* _Exercise aim_
With pictures omitted, output the records below exactly as they appear.

* _Information_
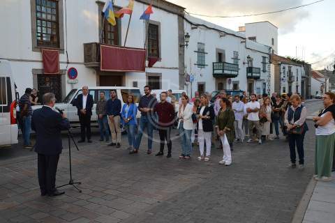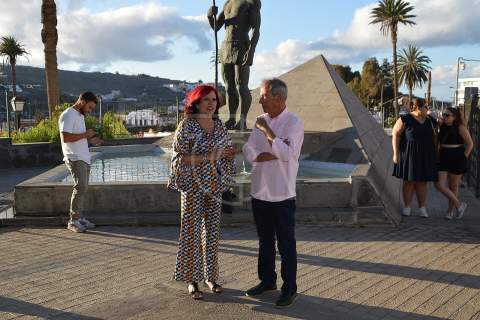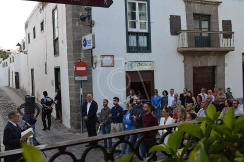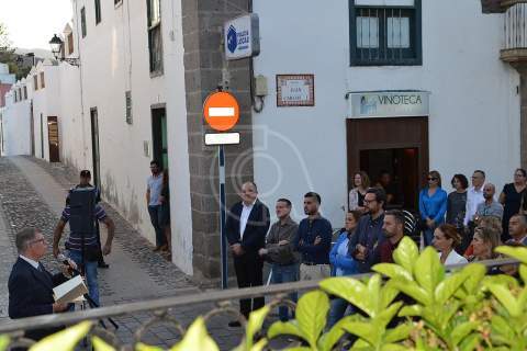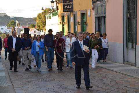 Música y poesía se fusionaron durante el paseo de una hora de duración en el que González recitó textos de poetas como Fernando González, Montiano Placeres, Pino Blanco Jardín, Cipriano Acosta y Saulo Torón y la agrupación musical bajo la batuta de José Martel ejecutó el pasodobles Islas Canarias y el Himno al Santo Cristo de Telde en las paradas del corto itinerario que discurrió por la calle principal del conjunto monumental de la ciudad con la asistencia de unas 75 persondas y presidido por el nuevo alcalde de la ciudad, Juan Antonio Peña, acompañado por miembros del Gobierno y de la oposición.
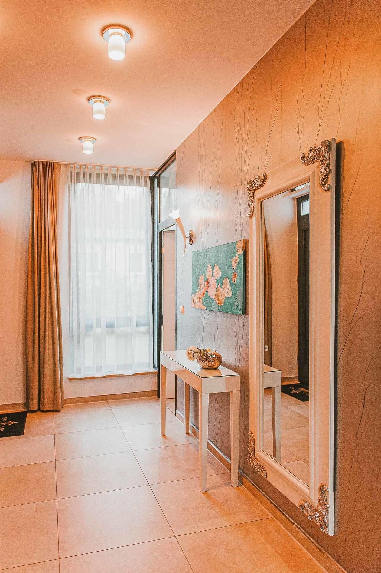 Das Wohnambiente bestimmen ausgewählte Tapeten mit zum Teil exotischen, barocken und floralen Motiven im Kontrast zu unifarbenen silber- und cremefarbenen Tönen, die durch ihre dreidimensionale Strukturierung beleben.
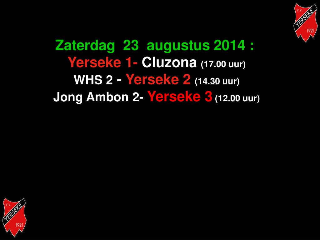 Zaterdag 23 augustus 2014 : Yerseke 1- Cluzona(17.00 uur) WHS 2 - Yerseke 2 (14.30 uur) Jong Ambon 2- Yerseke 3 (12.00 uur)
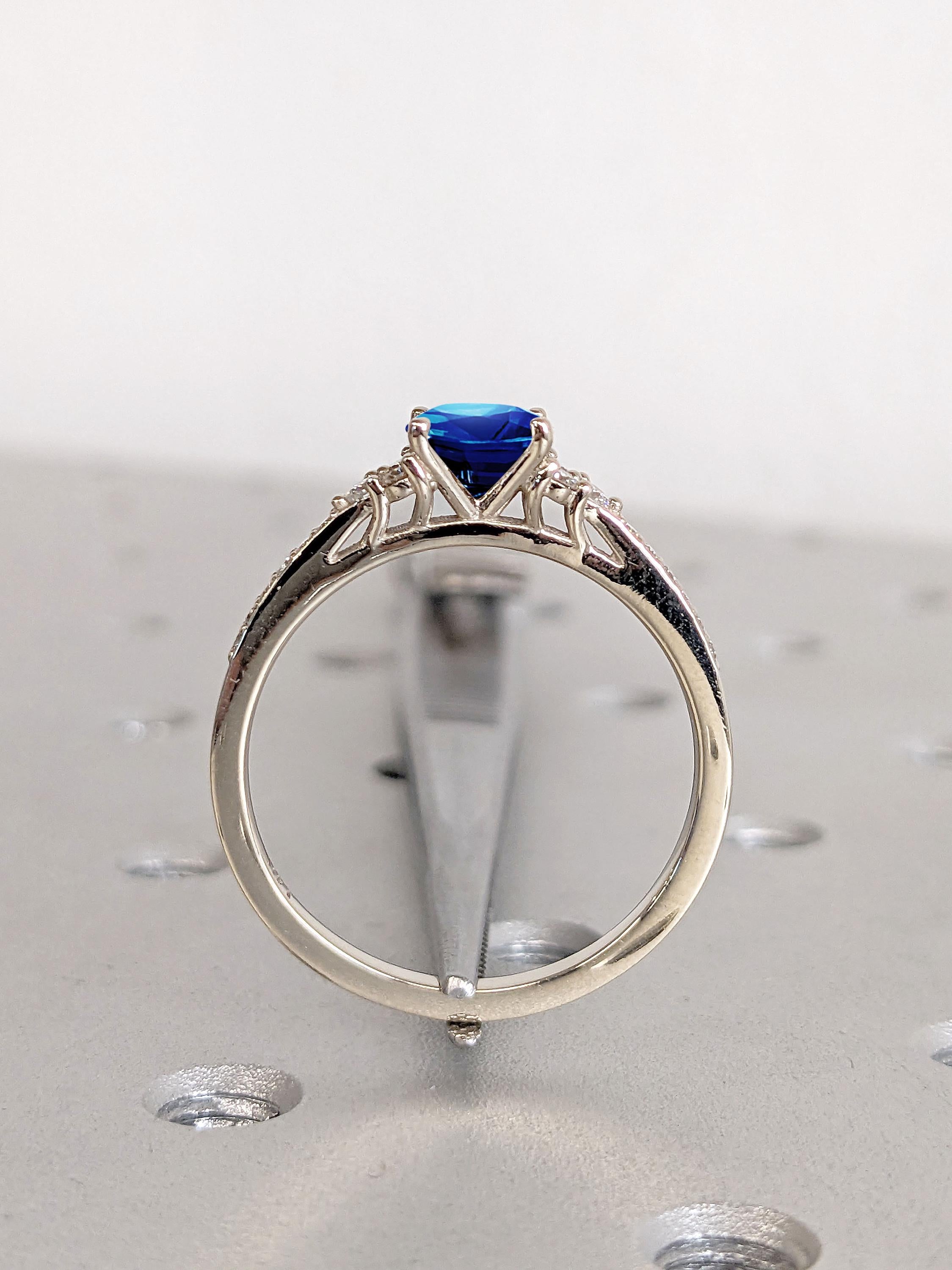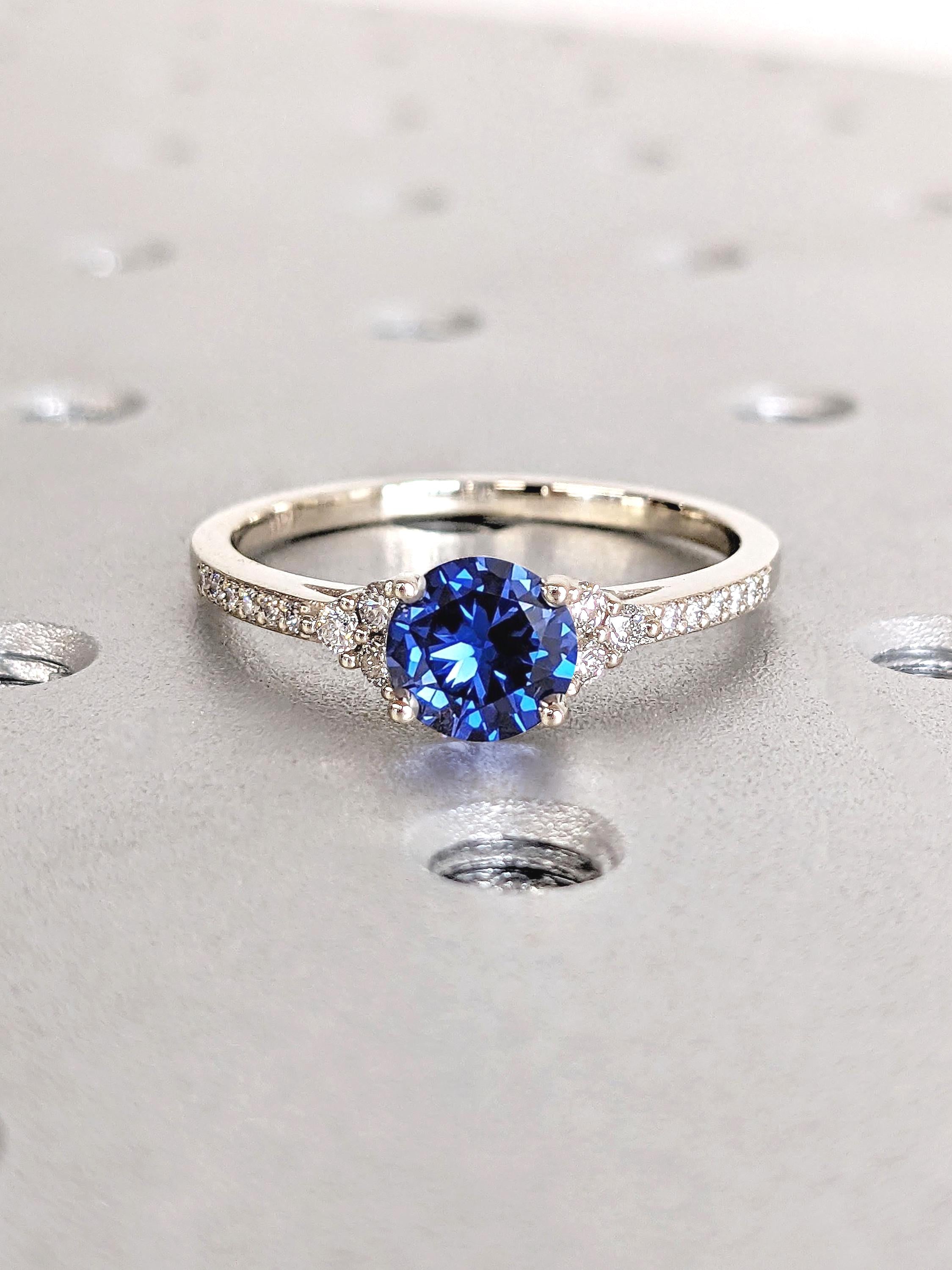 A dazzling handmade ring, featuring a round cut Lab Sapphire center, accented by cluster of round cut side stones. Set on a thin band of 1.7mm width paved with tiny round white gemstones of natural diamonds, lab diamonds or moissanites. This luxurious sparkling ring is a wonderful statement piece to be added to your jewelry collections.
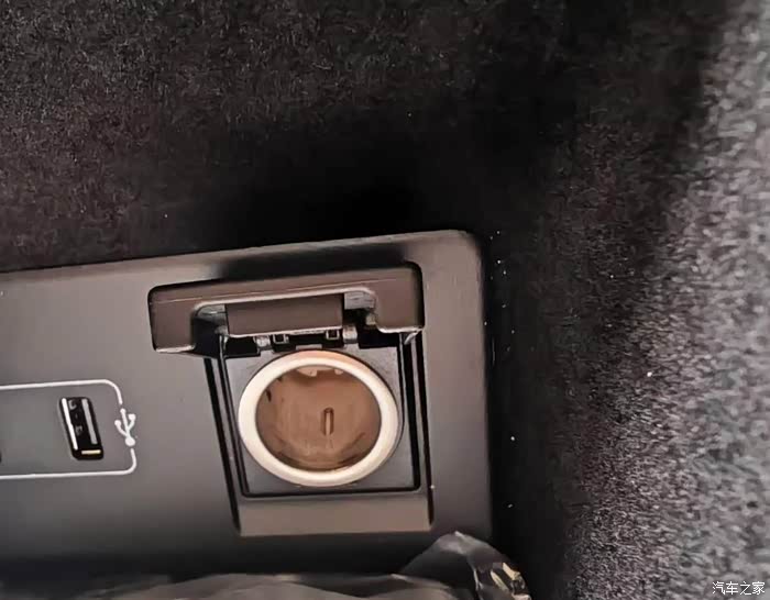 打开中央扶手箱里有三个接口,两个USB,一个点烟器接口。
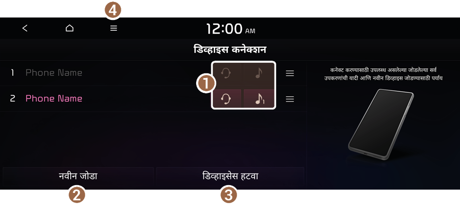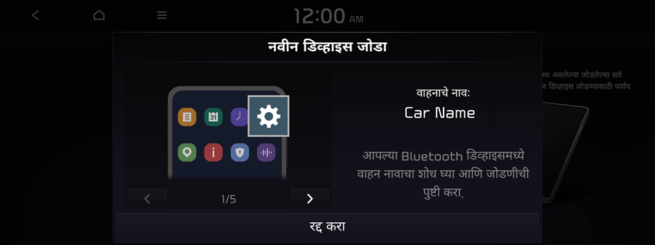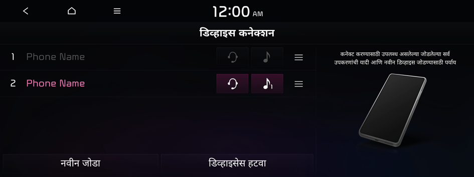सिस्टिमला ब्ल्यूटूथ उपकरण जोडण्यापूर्वी वाहन सुरक्षित ठिकाणी पार्क करा. यामुळे चालकाचे लक्ष रस्त्यापासून दूर जाऊ शकते आणि वाहतूक अपघात होऊ शकतो ज्यामुळे नुकसान, जखम आणि/किंवा मृत्यू होऊ शकतो.
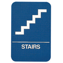 Sign fulfills the ADA requirement sand meets the criteria for grade 2 braille. Raised lettering, character proportion and height, finish and contrast rules. Self-Adhesive strips that are included. Blue background with white lettering. 6"W x 9"H. 1/ea.
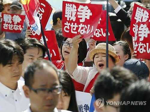 | △ 2015년 5월 14일 일본 도쿄도(東京都) 지요다(千代田)구 총리관저 인근에서 아베 신조(安倍晋三) 정권의 안보법제 정비에 반대하는 시민들이 시위를 하고 있다.(교도=연합뉴스 자료사진) |
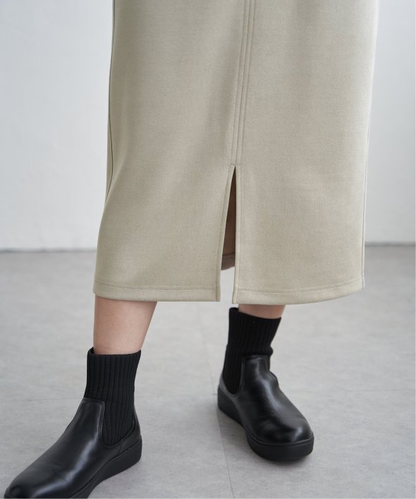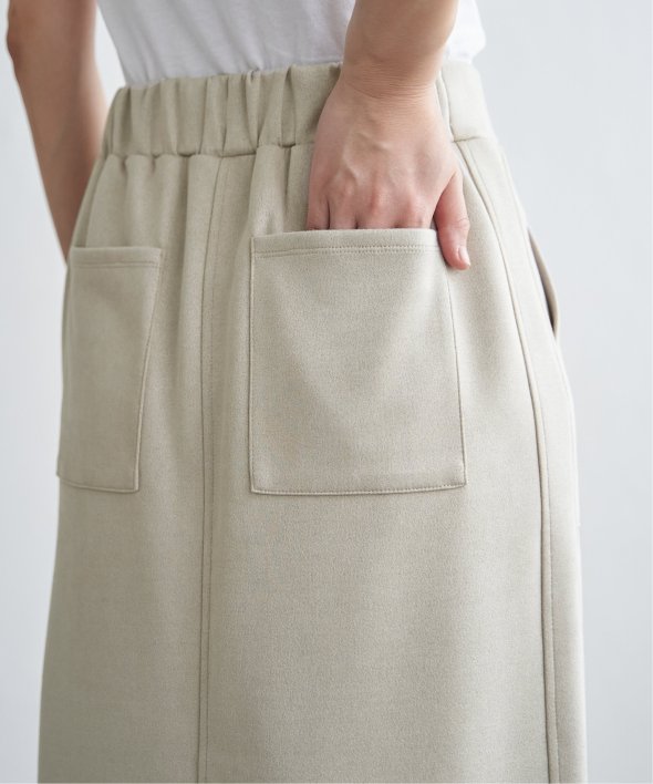 快適な履き心地ときれい見えを兼ね備えた、フェイクスエードがポイントのスカート。大きめのポケットでほんのりカジュアルダウン。【素材】「GOKU楽カットソー」スウェード風の微起毛が施されたストレッチ性のあるカットソー。【デザイン】腰回りのアウトポケットがきれいめカジュアルなタイトスカート。【ikkaポイント】・体のラインを拾わない肉感のしっかり素材・アウトポケットが腰回りをカムフラージュ、体形カバーに・さまざまな身長の方にバランス良く着用いただける丈感【おすすめコーディネート】キッズサイズも展開しているため、親子おそろいでコーディネート可能です。・フェイクスエードベイカーロングスカート(120~160cm) 品番 13260399親子お揃い、親子おそろい、親子リンク
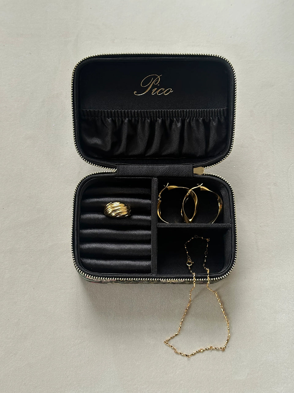 Kuferek do przechowywania biżuterii Pico Copenhagen z przegródkami wewnątrz. Obszyty tkaniną imitującą jeans. Zapinany za pomocą zamka błyskawicznego. To idealny pomysł na prezent.
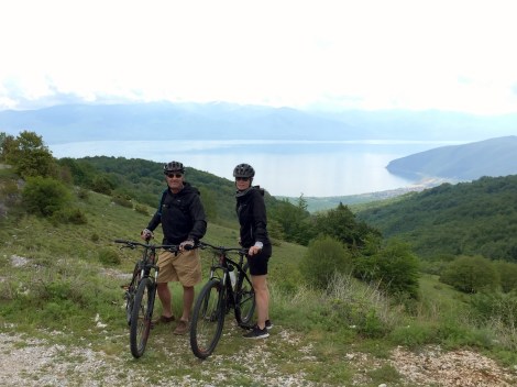 After some research, Lake Ohrid, at the border of Albania and Macedonia kept bubbling up as a top destination. We started developing a road trip that included Ohrid and other destinations, but soon realized that renting a car in one Balkan country and returning it in another (a la our Micronations Roadtrip, where we picked up a car in Rome and dropped it off in Barcelona), was problematic, as were many aspects of a week-long roadtrip. Instead, we found a perfect bike trip that featured biking and hiking all over the place in Macedonia, 3 nights in Ohrid, and a segment of riding in Albania. One twist to this was that the bike trip was guided, not self-guided. All eight of our previous bike trips in Europe had been self-guided, and this continues to be our preference. However, this option wasn’t available – the ideal bike (and hike) tour for us was only offered in guided form. We (now obviously) booked it, and had a great experience. We’ll still stick to self-guided biking in the future for reasons we’ll note in a subsequent post, but the private, guided option worked great in the Balkans (and we had a 1:1 ratio of riders to tour staff, which was interesting).
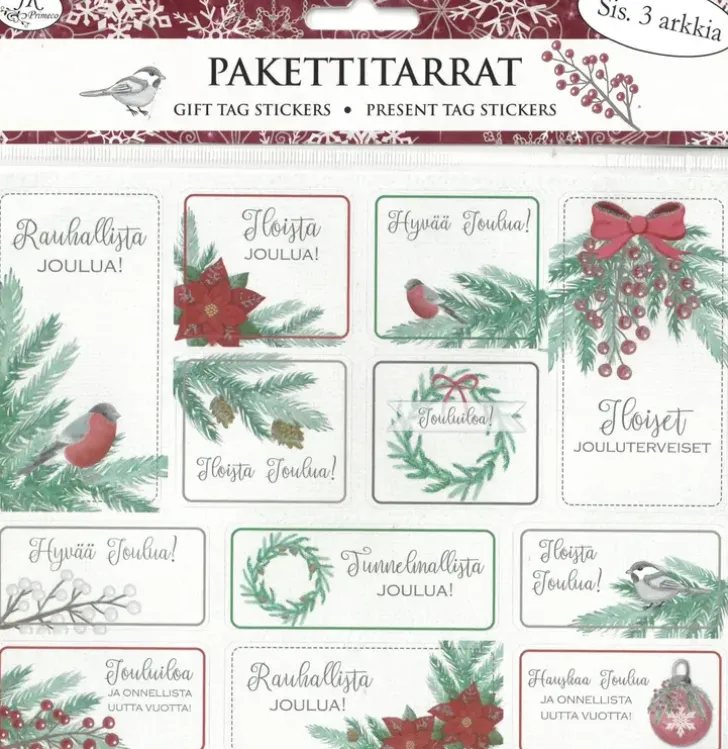 Pakettitarrat Lahjojen Paketointiin, Askarteluun Ja Koristeluun. Pakkaus Sisältää Kolme Samanlaista Arkkia Paperisia Tarroja, Joissa On Glitteriä. Yhden Arkin Koko On N. 16 X 20,3Cm.

* _Written answer_
 Música y poesía se fusionaron durante el paseo de una hora de duración en el que González recitó textos de poetas como Fernando González, Montiano Placeres, Pino Blanco Jardín, Cipriano Acosta y Saulo Torón y la agrupación musical bajo la batuta de José Martel ejecutó el pasodobles Islas Canarias y el Himno al Santo Cristo de Telde en las paradas del corto itinerario que discurrió por la calle principal del conjunto monumental de la ciudad con la asistencia de unas 75 persondas y presidido por el nuevo alcalde de la ciudad, Juan Antonio Peña, acompañado por miembros del Gobierno y de la oposición.
 Das Wohnambiente bestimmen ausgewählte Tapeten mit zum Teil exotischen, barocken und floralen Motiven im Kontrast zu unifarbenen silber- und cremefarbenen Tönen, die durch ihre dreidimensionale Strukturierung beleben.
 Zaterdag 23 augustus 2014 : Yerseke 1- Cluzona(17.00 uur) WHS 2 - Yerseke 2 (14.30 uur) Jong Ambon 2- Yerseke 3 (12.00 uur)
 A dazzling handmade ring, featuring a round cut Lab Sapphire center, accented by cluster of round cut side stones. Set on a thin band of 1.7mm width paved with tiny round white gemstones of natural diamonds, lab diamonds or moissanites. This luxurious sparkling ring is a wonderful statement piece to be added to your jewelry collections.
 打开中央扶手箱里有三个接口,两个USB,一个点烟器接口。
सिस्टिमला ब्ल्यूटूथ उपकरण जोडण्यापूर्वी वाहन सुरक्षित ठिकाणी पार्क करा. यामुळे चालकाचे लक्ष रस्त्यापासून दूर जाऊ शकते आणि वाहतूक अपघात होऊ शकतो ज्यामुळे नुकसान, जखम आणि/किंवा मृत्यू होऊ शकतो.
 Sign fulfills the ADA requirement sand meets the criteria for grade 2 braille. Raised lettering, character proportion and height, finish and contrast rules. Self-Adhesive strips that are included. Blue background with white lettering. 6"W x 9"H. 1/ea.
 | △ 2015년 5월 14일 일본 도쿄도(東京都) 지요다(千代田)구 총리관저 인근에서 아베 신조(安倍晋三) 정권의 안보법제 정비에 반대하는 시민들이 시위를 하고 있다.(교도=연합뉴스 자료사진) |
 快適な履き心地ときれい見えを兼ね備えた、フェイクスエードがポイントのスカート。大きめのポケットでほんのりカジュアルダウン。【素材】「GOKU楽カットソー」スウェード風の微起毛が施されたストレッチ性のあるカットソー。【デザイン】腰回りのアウトポケットがきれいめカジュアルなタイトスカート。【ikkaポイント】・体のラインを拾わない肉感のしっかり素材・アウトポケットが腰回りをカムフラージュ、体形カバーに・さまざまな身長の方にバランス良く着用いただける丈感【おすすめコーディネート】キッズサイズも展開しているため、親子おそろいでコーディネート可能です。・フェイクスエードベイカーロングスカート(120~160cm) 品番 13260399親子お揃い、親子おそろい、親子リンク
 Kuferek do przechowywania biżuterii Pico Copenhagen z przegródkami wewnątrz. Obszyty tkaniną imitującą jeans. Zapinany za pomocą zamka błyskawicznego. To idealny pomysł na prezent.
 After some research, Lake Ohrid, at the border of Albania and Macedonia kept bubbling up as a top destination. We started developing a road trip that included Ohrid and other destinations, but soon realized that renting a car in one Balkan country and returning it in another (a la our Micronations Roadtrip, where we picked up a car in Rome and dropped it off in Barcelona), was problematic, as were many aspects of a week-long roadtrip. Instead, we found a perfect bike trip that featured biking and hiking all over the place in Macedonia, 3 nights in Ohrid, and a segment of riding in Albania. One twist to this was that the bike trip was guided, not self-guided. All eight of our previous bike trips in Europe had been self-guided, and this continues to be our preference. However, this option wasn’t available – the ideal bike (and hike) tour for us was only offered in guided form. We (now obviously) booked it, and had a great experience. We’ll still stick to self-guided biking in the future for reasons we’ll note in a subsequent post, but the private, guided option worked great in the Balkans (and we had a 1:1 ratio of riders to tour staff, which was interesting).
 Pakettitarrat Lahjojen Paketointiin, Askarteluun Ja Koristeluun. Pakkaus Sisältää Kolme Samanlaista Arkkia Paperisia Tarroja, Joissa On Glitteriä. Yhden Arkin Koko On N. 16 X 20,3Cm.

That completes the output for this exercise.